• WORK REQUEST: Return the lines beginning at the one that contains "En este tema" and running to the end of the records, exactly and with nothing else. Omit pictures.

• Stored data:
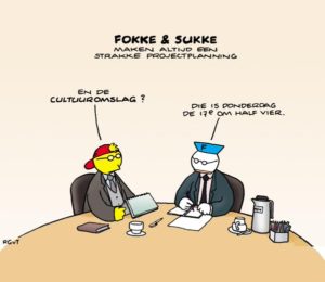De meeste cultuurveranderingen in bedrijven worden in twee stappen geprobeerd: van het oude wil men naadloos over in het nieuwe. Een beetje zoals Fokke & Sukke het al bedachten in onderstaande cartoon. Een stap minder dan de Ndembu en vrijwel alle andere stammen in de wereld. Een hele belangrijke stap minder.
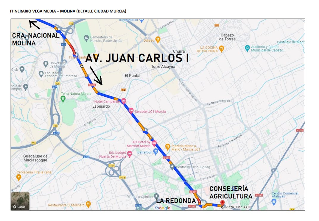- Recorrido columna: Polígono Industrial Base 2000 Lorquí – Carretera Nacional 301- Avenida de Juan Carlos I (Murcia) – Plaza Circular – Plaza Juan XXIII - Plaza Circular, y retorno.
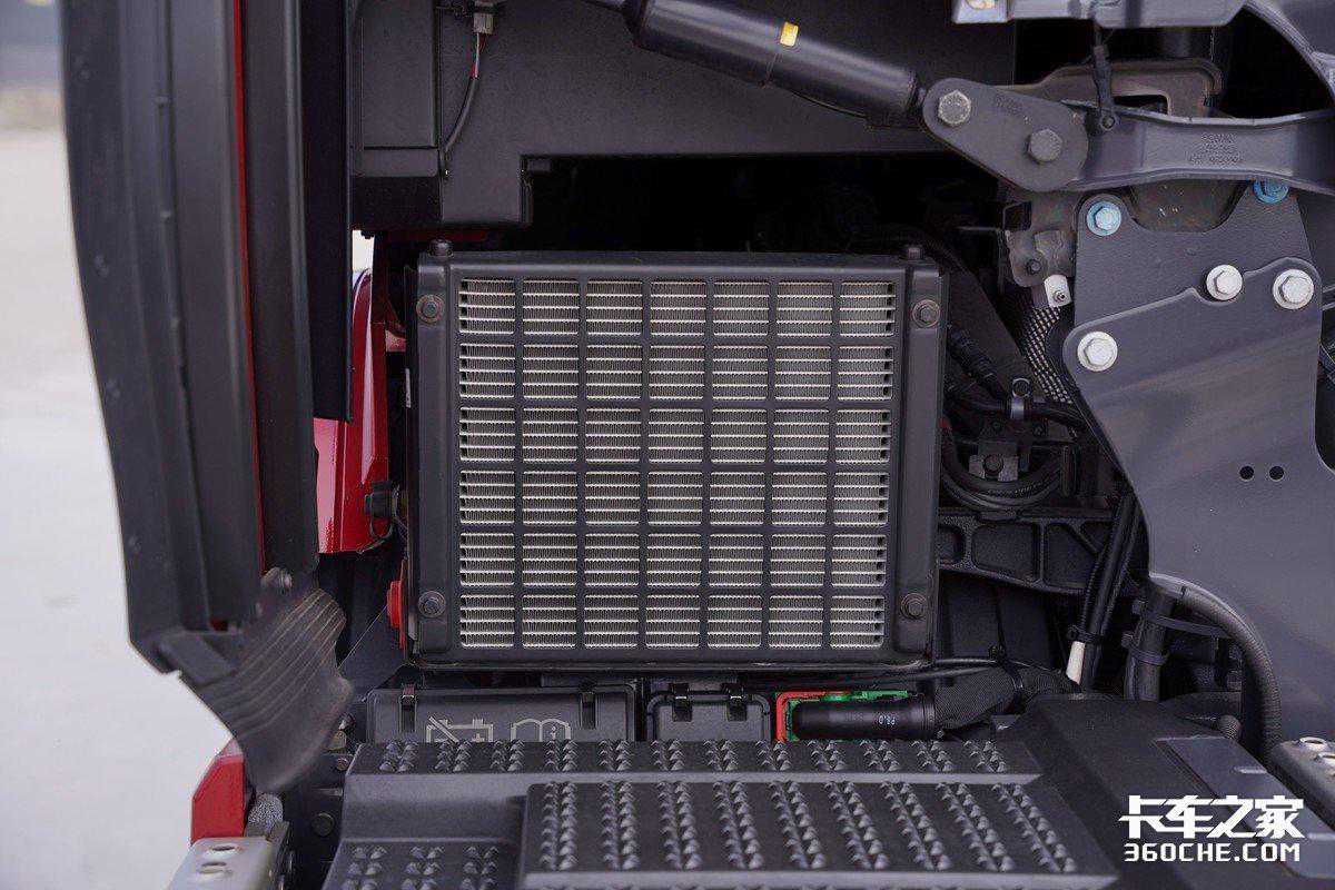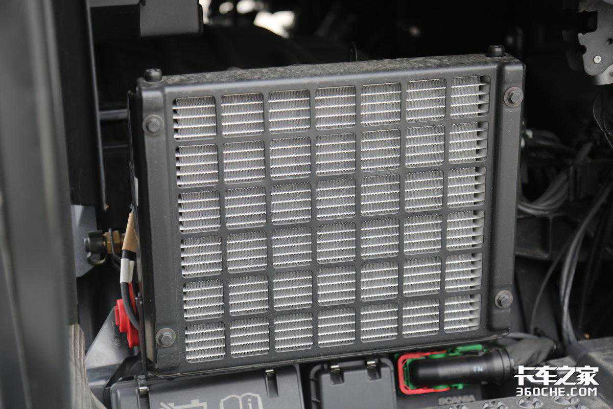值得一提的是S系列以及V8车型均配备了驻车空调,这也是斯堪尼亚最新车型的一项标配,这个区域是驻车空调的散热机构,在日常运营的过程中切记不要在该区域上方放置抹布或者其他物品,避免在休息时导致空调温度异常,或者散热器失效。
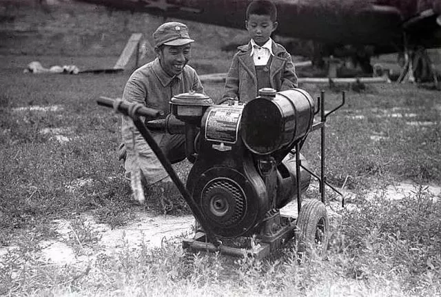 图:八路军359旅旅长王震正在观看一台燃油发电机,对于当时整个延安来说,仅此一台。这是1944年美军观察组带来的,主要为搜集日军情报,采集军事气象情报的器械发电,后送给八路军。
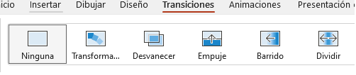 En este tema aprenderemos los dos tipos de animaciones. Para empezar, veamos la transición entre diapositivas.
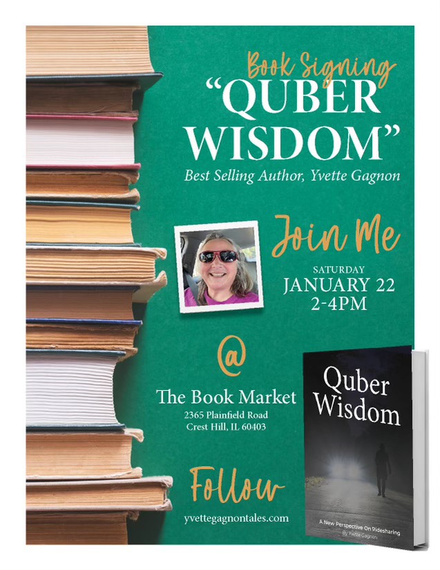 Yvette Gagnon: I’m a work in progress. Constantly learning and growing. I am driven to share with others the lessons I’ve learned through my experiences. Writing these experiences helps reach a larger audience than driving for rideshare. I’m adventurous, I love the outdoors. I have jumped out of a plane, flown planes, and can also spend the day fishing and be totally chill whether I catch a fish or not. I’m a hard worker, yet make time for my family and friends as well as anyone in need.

• ANSWER SECTION:
 En este tema aprenderemos los dos tipos de animaciones. Para empezar, veamos la transición entre diapositivas.
 Yvette Gagnon: I’m a work in progress. Constantly learning and growing. I am driven to share with others the lessons I’ve learned through my experiences. Writing these experiences helps reach a larger audience than driving for rideshare. I’m adventurous, I love the outdoors. I have jumped out of a plane, flown planes, and can also spend the day fishing and be totally chill whether I catch a fish or not. I’m a hard worker, yet make time for my family and friends as well as anyone in need.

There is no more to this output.